Land Division administrator Russell Tsuji told the board that the DOA sought control over the property because it was needed to provide water to the slaughterhouse on the DOA’s neighboring parcel. 

“Our parcel would be the holding area of cows for slaughter,” Tsuji said.

Renewable Goals

In its permit application, Eurus suggested that since it estimated it would use no more than 90 acres of the site, at least 20 acres would still be available for HLL’s holding pens.

Company representative Nick Hendrickson testified that Eurus has built renewable energy projects throughout the world capable of producing a total of three gigawatts. That includes a 27.6-megawatt solar farm built in 2017 on about 200 acres in Waiʻanae, which was the largest PV facility in the state at the time.

“This is a project we’re very excited about,” he told the board of the possible project on the Campbell Industrial lot.

David Tomlinson, the technical project manager, explained that the company envisioned building a solar farm and converting the energy created into renewable hydrogen.

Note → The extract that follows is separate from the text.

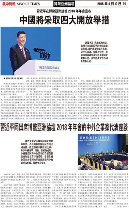 2018年4月11日,国家主席习近平在海南省博鳌同出席博鳌亚洲论坛2018年年会的中外企业家代表座谈。
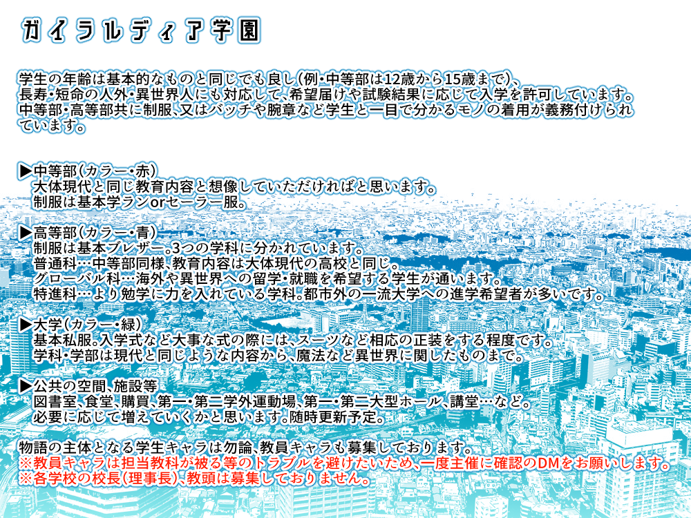 〇中等部・高等部共に、生徒会や各委員会への役員になりたい方は主催TwitterアカウントへDMをお願いします。

In a memo to the Land Division, the state’s chief energy officer, Scott Glenn, expressed his support for Eurus’s proposed solar-hydrogen project. 

Glenn noted that the soil on the Campbell site is known to be contaminated. “In some cases, contaminated sites are well-suited for solar development and may be facilitated by the U.S. Environmental Protection Agency (EPA) and [state Hazard Evaluation and Emergency Response branch of the Department of Health],” he wrote.

He added, “The nearby natural gas infrastructure makes the site uniquely well-suited for hydrogen generation and sale to Hawai’i Gas should it be an off-taker. There is also the opportunity to sell hydrogen to other parties for transportation use, which is a substantial need for Hawaiʻi to transition away from fossil fuels for transportation use. In addition, the site’s proximity to other large electrical generation and transmission infrastructure makes it well-suited to sell electricity to Hawaiian Electric. In both cases, the site’s location near this infrastructure would reduce the impacts and the connection and development costs of the proposed project.”

At the Land Board’s April 8 meeting, chair Suzanne Case, who also serves as DLNR director, said, “This is the kind of project I and we envisioned when we were negotiating with previous [DOA] director Scott Enright,” who she said exerted some “very heavy pressure” to allow the parcel to become a lot for cows. 

“We negotiated we could do a renewable energy project [with] panels raised to allow cows to use it,” she said, adding that Eurus’s proposed solar-hydrogen project, which produces a more mobile fuel, sounds like a better idea.

Possible Violations

Although HLL leases the former DLNR parcel for use as a feedlot or holding pen area, the land is not yet being used in that way, according to Land Division agent Luke Sarvis, who recently inspected the property. 

“I was expecting to find cattle, corrals,” he told the board. Instead, he saw mostly vacant land. What he found alarming was the extent to which the land was being used as a baseyard, with tractors, trailers stacked high, road-building equipment, girders, excavators …

He also noted abandoned junk vehicles. 

When he called the DOA to inform the agency of this apparently unauthorized use, “it became apparent they are very much aware of it,” he said. 

The DOA refers to the area Sarvis was concerned about as a bone yard. 

“They might ask them to scale it back some, but it’s a use they seem to be permitting. The EO to the DOA is for ag purposes, specifically, feedlot purposes,” he said.

“I didn’t see any sign of cattle. … None of what I saw would be allowed under the terms of the lease,” he added.

He also noted that he had checked with the Honolulu Department of Planning and Permitting to determine whether any of the grading or grubbing that appeared to have occurred on the property was authorized.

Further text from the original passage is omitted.